Prof. Christof von Kalle: Zum einen haben wir die Fläche in Deutschland noch nicht so überspannt, dass die Spitzenzentren für alle Patienten gleichermaßen leicht zu erreichen sind. Zum zweiten sind die zusätzlichen Aufwände, die die Spitzenzentren durch die Netzwerkarbeit haben, im Augenblick durch die Finanzierung in der Versorgung nicht dargestellt. Sie werden aus ganz unterschiedlichen Mitteln bedient, zum Teil auch aus anderen Bereichen übernommen oder querfinanziert. Das ist auf Dauer kein haltbarer Zustand. Die besonders gute Betreuung von Krebspatienten darf kein Zuschussgeschäft bleiben. Unser drittes großes Thema ist die Förderung klinischer Studien. Wir sind da in erster Linie auf die pharmazeutische Industrie oder verschiedene Einzelprogramme, z. B. des Bundes, angewiesen, die gelegentlich ausgeschrieben werden. Aber im Vergleich zu dem, was Großbritannien, Frankreich oder die USA da an systematischen Anstrengungen unternehmen, um klinische Studien zur Verbesserung der Krebstherapie auf die Beine zu stellen, sind wir noch — vorsichtig gesagt — schlank aufgestellt. Da brauchen wir aus der Forschungsförderung und aus dem Gesundheitswesen eine deutlich stärkere finanzielle Unterstützung.
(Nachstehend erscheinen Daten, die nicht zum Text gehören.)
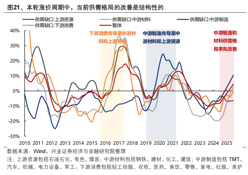 但考虑到本轮供需格局改善带来的涨价更多是结构性的,当前涨价更可持续的领域或将仍以中游材料和制造为主。供需缺口是涨价最本质的逻辑,当前已具备供需缺口的领域涨价将更具备持续性。分产业链来看,本轮涨价周期中,供需缺口率先发生在新兴产业趋势和“反内卷”受益的中游材料(化工、钢铁、建材等)和中游制造(TMT、高端制造)领域,内需相关的下游消费制造业基本维持均衡,而地产链相关的上游资源仍然存在一定供给过剩。因此,当前涨价更可持续的领域或将仍以中游材料和制造为主,对于与内需和地产链相关性较强的上游资源和下游消费的涨价机会,仍需观察后续供需改善的传导是否顺畅。
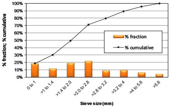 Furthermore, the bulk density value was 211 kg·m−3 (wb), slightly lower compared to other biomass wastes with similar moisture values, such as granulometric separation powder (379 kg·m−3 wb) [48]. Low values of this parameter allow its considerable increase after pelletizing. The densification ratio shows the increase in bulk density due to pelletization. Figure 5 shows the granulometric analysis. It can be observed that the median of the particle size distribution was 2.03 mm. Only 20% of the sample showed a particle size higher than 3.15 mm (recommended maximum size for densification processes) [49]. Therefore, granulometry of this waste is suitable for the pelletizing process, and pretreatments such as grinding or sieving are not necessary.

„In einem lernenden System müssen die Behandlungsergebnisse und Daten untereinander ausgetauscht werden.“

Prof. Dr. Christof von Kalle Geschäftsführender Direktor des Nationalen Centrums für Tumorerkrankungen Heidelberg und Sprecher des Netzwerks

© Philip Benjamin

? Was verbirgt sich hinter der Idee eines lernenden Gesundheitssystems, die das Netzwerk zusammen mit Deutscher Krebshilfe und Deutscher Krebsgesellschaft anstrebt?

von Kalle: Wir wollen, dass die Behandlung jedes Patienten — zumindest von der Datenaufbereitung her — dazu herangezogen wird, die Behandlung nachfolgender Patienten zu verbessern. Dazu müssen wir ein lernendes Gesundheitssystem aufbauen, das in der Lage ist, aus den Behandlungsergebnissen der einzelnen Patienten Rückschlüsse zu ziehen. Aber wir sind in der Datenverarbeitung im Gesundheitssystem insgesamt und auch beim Thema Krebs auf dem Stand des 20. Jahrhunderts. Auch, was die klinischen Studien angeht, haben wir noch Nachholbedarf.

Wichtig ist die Interaktion zwischen allen Akteuren der Krebsversorgung. In einem lernenden System müssen die Behandlungsergebnisse und Daten untereinander ausgetauscht werden, damit wir besser verstehen lernen, was gerade mit dem einzelnen Patient passiert, was mit ihm schon passiert ist und was mit ihm in Zukunft besser passieren sollte.